I’m not entirely sure what numbers are. When I buy something, I just hand over an amount of money and hope it’s right.
Interviewer: So, why do you want to work here?
Me: Well, I don’t really want to “work” here, per se…I just really need the paychecks.
they should remove the sex scenes from movies and then put them all into one big super sex scene movie they can show in theaters at the end of the year
Hold that thought while I slip into something more comfortable.
*moves to Fiji*
i sadistically pat the top of my sandwiches before eating them like good job now you die.
Me: Ok, these are the specs. Do you think you can do it?
Architect: These look like renovation plans for a Barbie Dream House.
Me: And?
i’ll tell you this, anyone who breaks into my house is gonna find out why you don’t mess with a guy who collects sparklers
[walking into Sephora]
me: I love how it smells in here! If I ever find a man who smells like this, I’m going to lock him in the basement forever.
my husband: I’m right here you know
“I am doing well.” – Russian man having sex with a well
Interviewer: So, tell me a little about yourself.
Me: I’m very attracted to you right now.
Sing it!
WIFE: I want a divorce.
ME: Is it because of my small wrists?
WIFE: Yes.
ME: [taking off bracelet] Then take your ring back.
I’m so awkward I visited a new doctor today and when they came in I literally said “Those are some nice shoes”. I have to find another doctor already.
Why is it called a backhanded compliment and not a slampliment?
The devil on my left shoulder says “eat the cheese”
The worse devil on my right says “eat the entire pizza”
Pizza Hut Employee: I’m sorry but we don’t deliver bog grass. I’m not even sure what that is.

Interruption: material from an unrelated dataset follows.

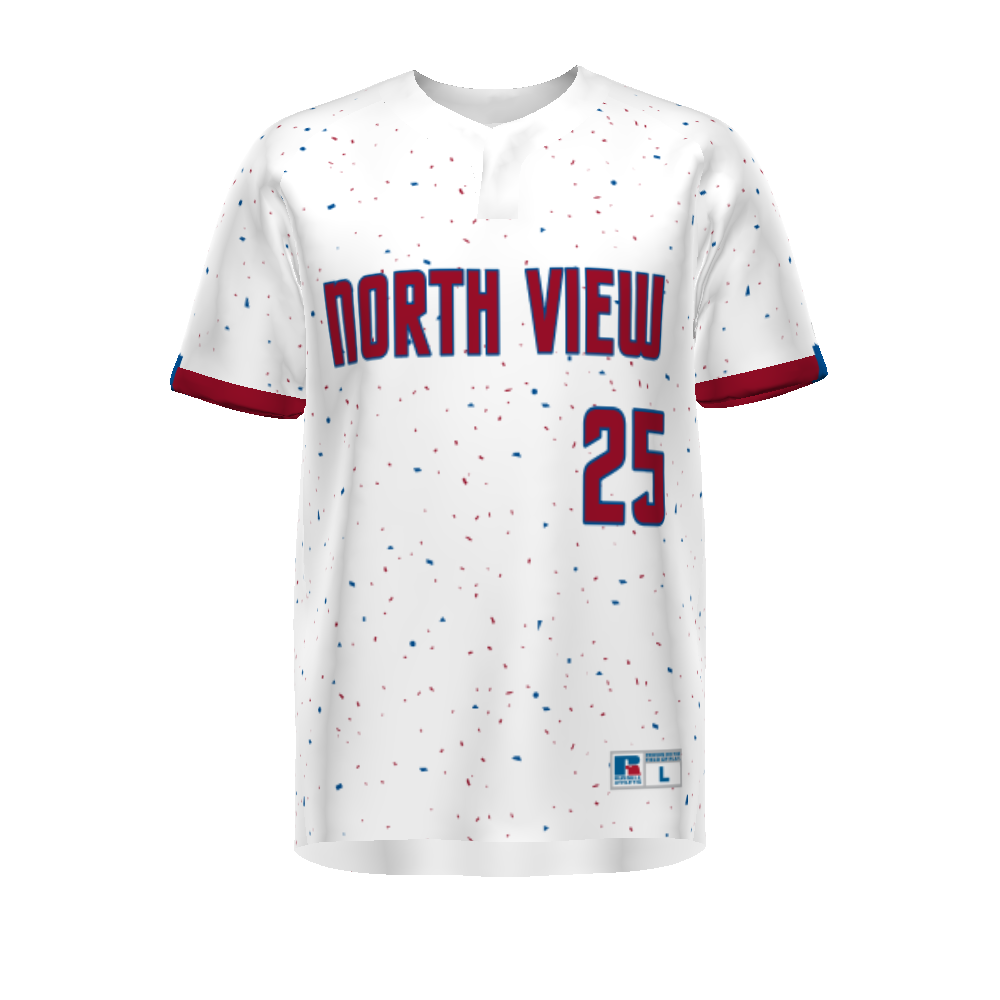 Built for mobility, this sublimated two-button jersey combines four-way stretch with mesh ventilation and UPF protection.

Moose: [incoherent bellowing]
Cellmate, menacing: what are you in for
Me, thru gritted teeth: breaking the law
Me: Who is the most handsome man in the world?
Wife: Ewan McGreggor
Me: Thank you but you can only pick one
I miss walking my dog on July 5th, wondering if I’ll have to wrestle a blown off finger from him.
He said: “Tell me Baby…am I your first?”
She said: “What? Like…today?”
before therapy: i hate people
after therapy: i feel good about hating people!
Them: dial 911!
Me: this thing can make calls?
[speed dating]
Me: “Facebook or Twitter?”
Her: “Face…”
Me: “Have a nice life.”
me: [searching for the will to live]
will: I have a girlfriend
Parental pro tip: Take your kids to the mattress store at the mall and skip the trampoline park.